──────── Supplied entries

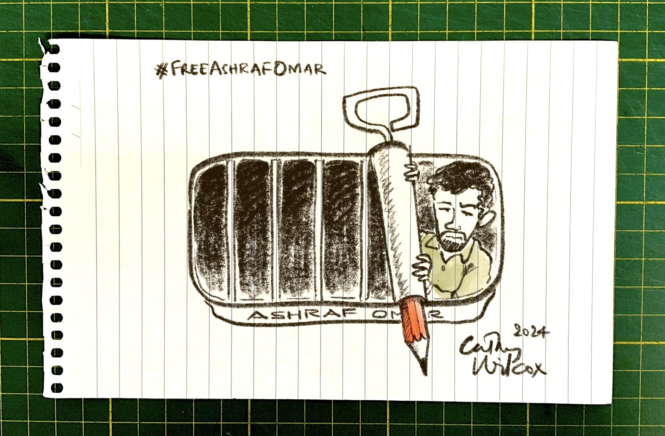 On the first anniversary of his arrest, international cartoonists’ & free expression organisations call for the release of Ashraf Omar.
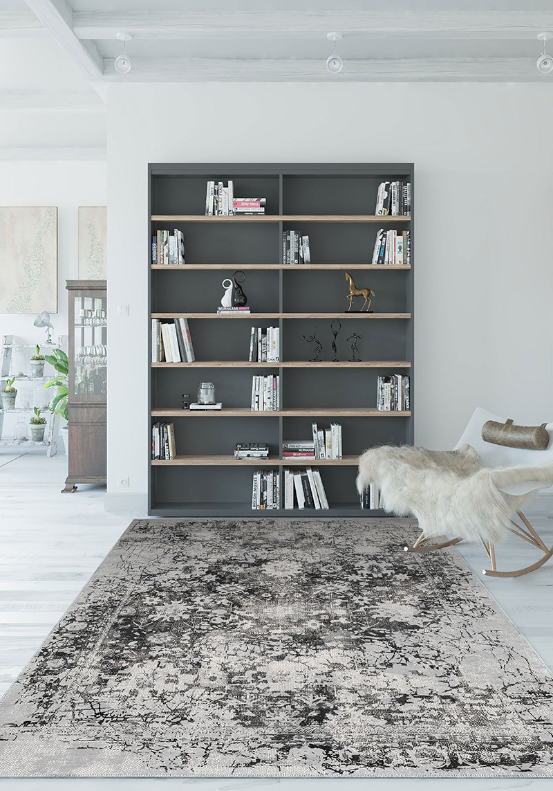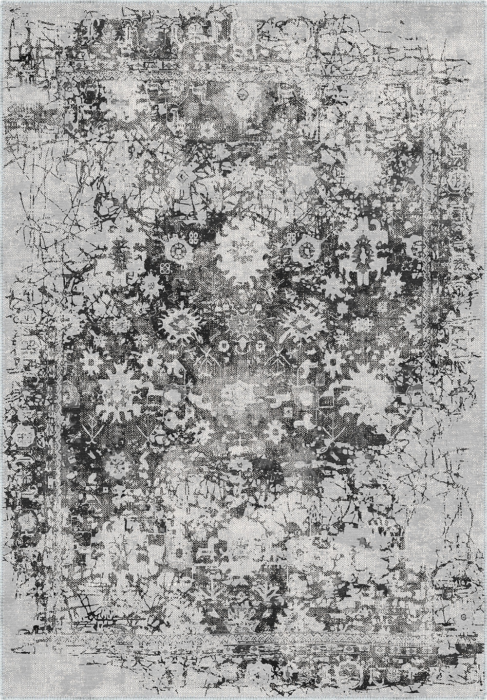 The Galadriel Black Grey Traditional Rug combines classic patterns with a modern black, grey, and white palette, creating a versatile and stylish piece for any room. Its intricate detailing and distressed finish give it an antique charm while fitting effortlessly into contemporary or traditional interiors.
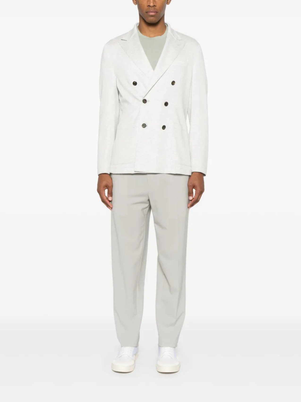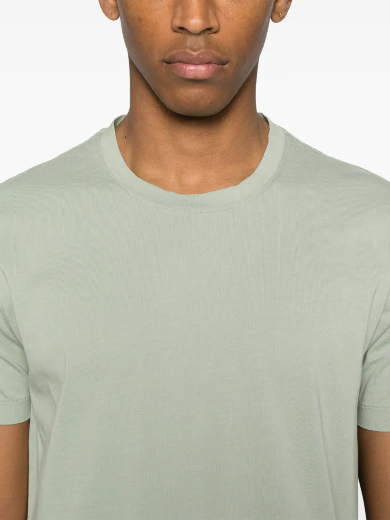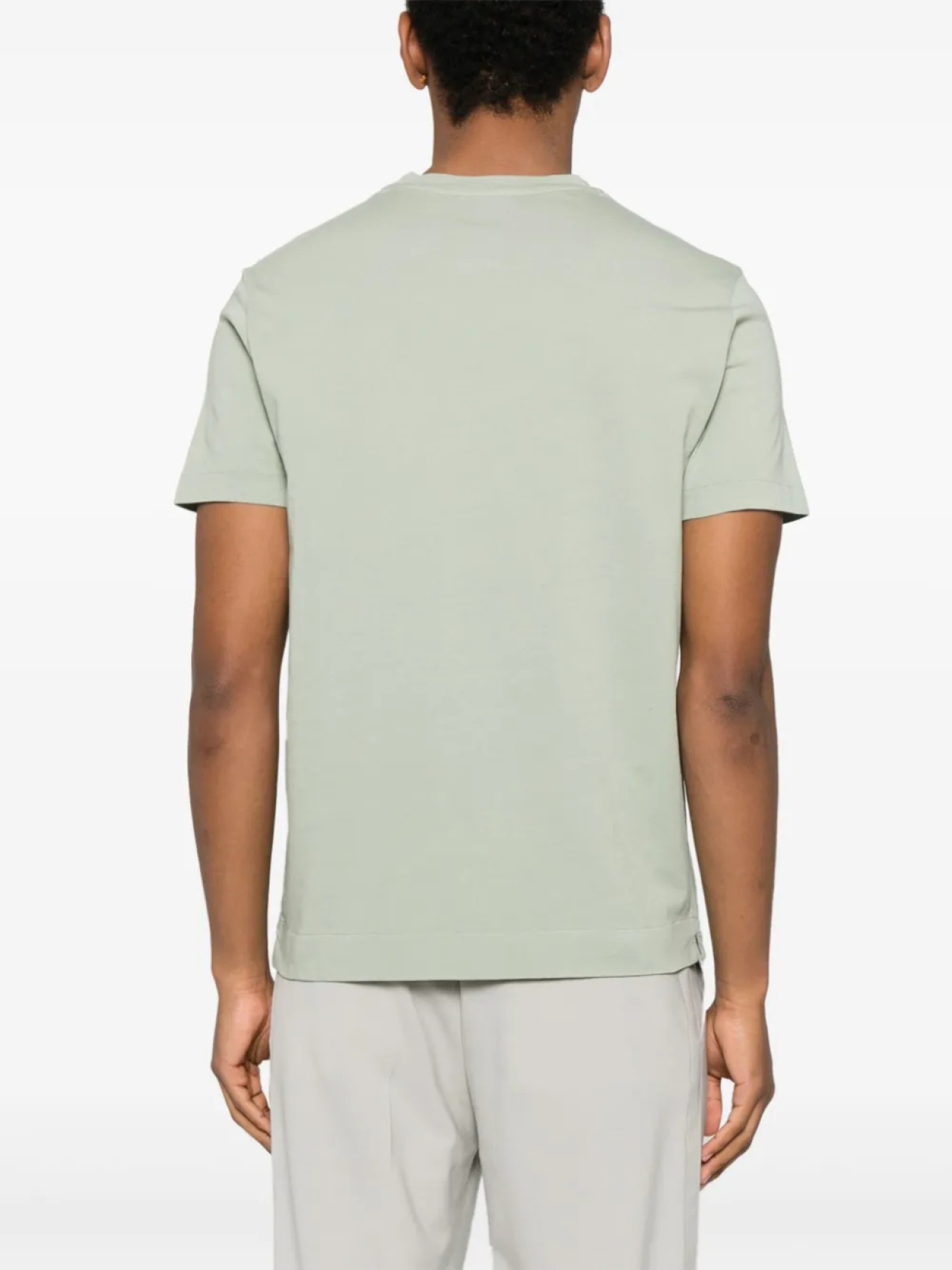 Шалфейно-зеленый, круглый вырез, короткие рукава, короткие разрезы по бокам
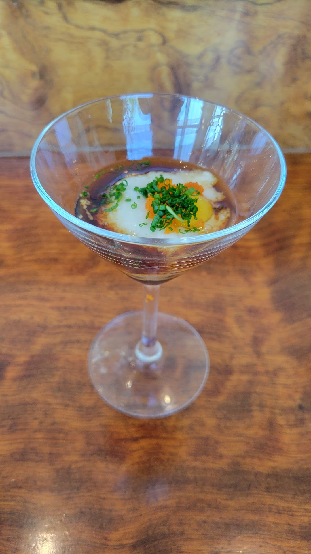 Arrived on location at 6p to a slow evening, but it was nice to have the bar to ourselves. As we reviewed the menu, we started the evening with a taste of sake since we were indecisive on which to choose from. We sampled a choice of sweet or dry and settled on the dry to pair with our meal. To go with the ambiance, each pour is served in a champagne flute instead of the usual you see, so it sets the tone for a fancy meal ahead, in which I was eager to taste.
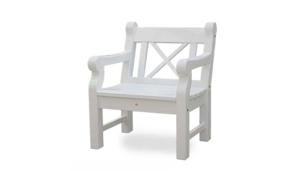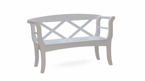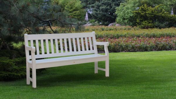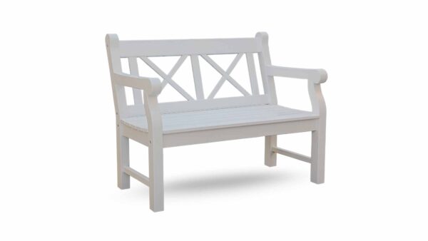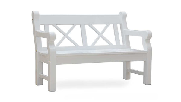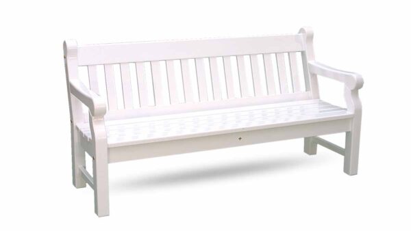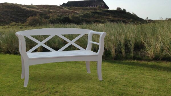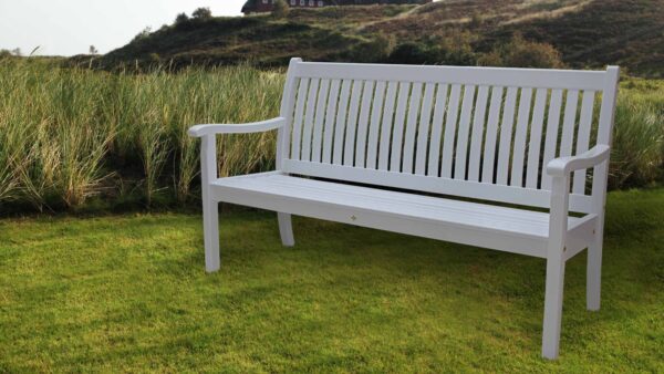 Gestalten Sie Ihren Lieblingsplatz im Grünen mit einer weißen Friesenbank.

────────────────

Begin at the first line of the records and please reproduce every line exactly through the one containing "Шалфейно-зеленый, круглый вырез, короткие", leaving all pictures out.

 On the first anniversary of his arrest, international cartoonists’ & free expression organisations call for the release of Ashraf Omar.
 The Galadriel Black Grey Traditional Rug combines classic patterns with a modern black, grey, and white palette, creating a versatile and stylish piece for any room. Its intricate detailing and distressed finish give it an antique charm while fitting effortlessly into contemporary or traditional interiors.
 Шалфейно-зеленый, круглый вырез, короткие рукава, короткие разрезы по бокам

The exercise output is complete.